To list installed modules:

```bash
merger --list-modules
```

---

### Custom Parser Implementation Example (PDF)

```python
import logging
from pathlib import Path
from typing import Union, Optional, Any, Set, Type

import fitz

from merger.parsing.parser import Parser


class PdfParser(Parser):
    EXTENSIONS: Set[str] = {".pdf"}
    MAX_BYTES_FOR_VALIDATION: Optional[int] = None

    @classmethod
    def validate(
            cls,
            file_chunk_bytes: Union[bytes, bytearray],
            *,
            file_path: Optional[Path] = None,
            logger: Optional[logging.Logger] = None
    ) -> bool:
        """
        Validate that the given file represents a readable PDF document.

        Args:
            file_chunk_bytes: Binary contents of the file being validated, sufficient to perform validation.
            file_path: Path of the file being validated.
            logger: Optional logger instance for logging.

        Returns:
            bool: True if the file is a readable PDF, False otherwise.
        """
        try:
            with fitz.open(file_path) as doc:
                _ = doc[0]
            return True

        except Exception:
            return False

    @classmethod
    def parse(
            cls,
            file_bytes: Union[bytes, bytearray],
            *,
            file_path: Optional[Path] = None,
            logger: Optional[logging.Logger] = None,
    ) -> str:
        """
        Extracts and concatenates text from all pages of a PDF file.

        Args:
            file_bytes: Binary contents of the file being parsed.
            file_path: Path of the file being parsed.
            logger: ptional logger instance for logging.

        Returns:

        """
        texts = []
        with fitz.open(stream=file_bytes) as doc:
            for page in doc:
                text = page.get_text()
                if text:
                    text = text.replace("\n\n", "")
                    texts.append(text)

        full_text = " ".join(texts)
        return full_text


parser_cls: Type[Parser] = PdfParser
```

> The module **must expose a `parser_cls` object** referencing the parser class.

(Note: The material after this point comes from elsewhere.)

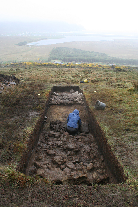 Our work on this part of Slievemore has included the investigation of a pre-bog linear feature known to antiquarians as the ‘Danish Ditch’. The feature extends between the ‘Cromlech Tumulus’ roundhouse and a Neolithic court tomb, before looping south down the mountain. Today it is just about visible as a low ridge in the peat covering this part of Slievemore. Between 2014 and 2016 three slot trenches were dug across the ‘Danish Ditch’ by the AAFS. The most exciting results came from the 2016 season when we determined that the feature is not just a single field wall, but may in fact be a formal route way. The 2016 trench uncovered two parallel walls flanking a shallow terrace. Mid way between the two walls we found a shallow stone setting with deposits of charcoal in it. Could this be a fire pit placed to mark the route? It’s a tantalising piece of evidence but many questions remain.

This implementation is available at [`examples/custom_parsers/pdf_parser.py`](examples/custom_parsers/pdf_parser.py).

---

## CLI Options

| Option                   | Description                                                                                 |
|--------------------------|---------------------------------------------------------------------------------------------|
| `input_dir`              | Root directory to scan for files.                                                           |
| `output_path`            | Output directory where the tool writes `merger.<ext>` (default: current directory).         |
| `-e, --exporter`         | Output exporter strategy (e.g., `TREE_PLAIN_TEXT`, `PLAIN_TEXT`, `DIRECTORY_TREE`, `JSON`). |
| `-i, --install-module`   | Install a custom parser module.                                                             |
| `-u, --uninstall-module` | Uninstall a parser module by ID (`*` removes all).                                          |
| `-l, --list-modules`     | List installed parser modules.                                                              |
| `--ignore`               | Glob-style ignore patterns.                                                                 |
| `--merger-ignore`        | File containing glob-style patterns to ignore (default: `./merger.ignore`).                 |
| `--version`              | Show installed version.                                                                     |
| `--log-level`            | Set logging verbosity.                                                                      |

---

## License

This project is licensed under the MIT License — see [LICENSE](LICENSE) for details.